→ ASSIGNMENT: In the listing that follows, print every line exactly and leave the images out.

→ PROVIDED RECORDS:
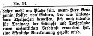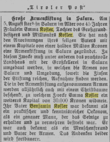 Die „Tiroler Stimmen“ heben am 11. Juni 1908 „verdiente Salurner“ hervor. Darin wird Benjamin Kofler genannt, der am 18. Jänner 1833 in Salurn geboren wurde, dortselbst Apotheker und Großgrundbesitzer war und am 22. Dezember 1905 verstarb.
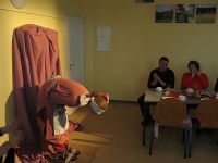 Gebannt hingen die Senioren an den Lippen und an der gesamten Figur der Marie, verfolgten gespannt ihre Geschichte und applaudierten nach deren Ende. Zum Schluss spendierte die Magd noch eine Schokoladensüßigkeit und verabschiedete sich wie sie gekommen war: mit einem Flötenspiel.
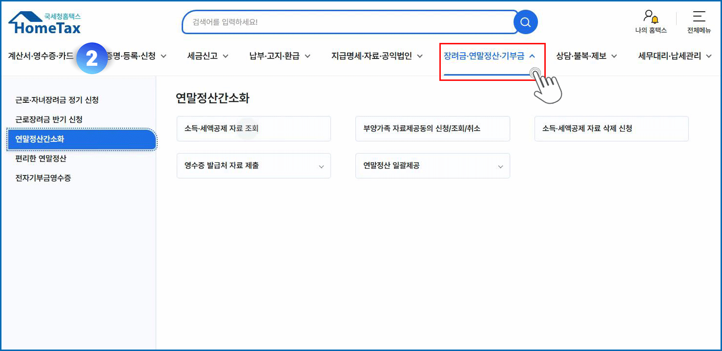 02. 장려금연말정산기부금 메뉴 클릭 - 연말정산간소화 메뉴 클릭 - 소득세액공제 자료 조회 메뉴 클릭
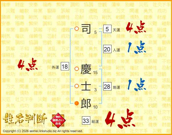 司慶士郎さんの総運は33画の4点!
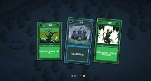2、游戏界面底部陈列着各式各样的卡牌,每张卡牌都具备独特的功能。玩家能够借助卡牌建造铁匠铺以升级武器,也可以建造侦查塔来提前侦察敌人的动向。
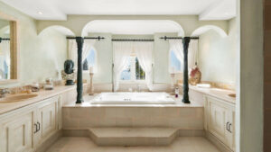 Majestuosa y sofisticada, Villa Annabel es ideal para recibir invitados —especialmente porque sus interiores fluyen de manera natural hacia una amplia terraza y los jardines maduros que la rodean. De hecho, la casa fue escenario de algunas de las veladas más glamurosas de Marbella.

→ TASK SOLUTION:
 Die „Tiroler Stimmen“ heben am 11. Juni 1908 „verdiente Salurner“ hervor. Darin wird Benjamin Kofler genannt, der am 18. Jänner 1833 in Salurn geboren wurde, dortselbst Apotheker und Großgrundbesitzer war und am 22. Dezember 1905 verstarb.
 Gebannt hingen die Senioren an den Lippen und an der gesamten Figur der Marie, verfolgten gespannt ihre Geschichte und applaudierten nach deren Ende. Zum Schluss spendierte die Magd noch eine Schokoladensüßigkeit und verabschiedete sich wie sie gekommen war: mit einem Flötenspiel.
 02. 장려금연말정산기부금 메뉴 클릭 - 연말정산간소화 메뉴 클릭 - 소득세액공제 자료 조회 메뉴 클릭
 司慶士郎さんの総運は33画の4点!
2、游戏界面底部陈列着各式各样的卡牌,每张卡牌都具备独特的功能。玩家能够借助卡牌建造铁匠铺以升级武器,也可以建造侦查塔来提前侦察敌人的动向。
 Majestuosa y sofisticada, Villa Annabel es ideal para recibir invitados —especialmente porque sus interiores fluyen de manera natural hacia una amplia terraza y los jardines maduros que la rodean. De hecho, la casa fue escenario de algunas de las veladas más glamurosas de Marbella.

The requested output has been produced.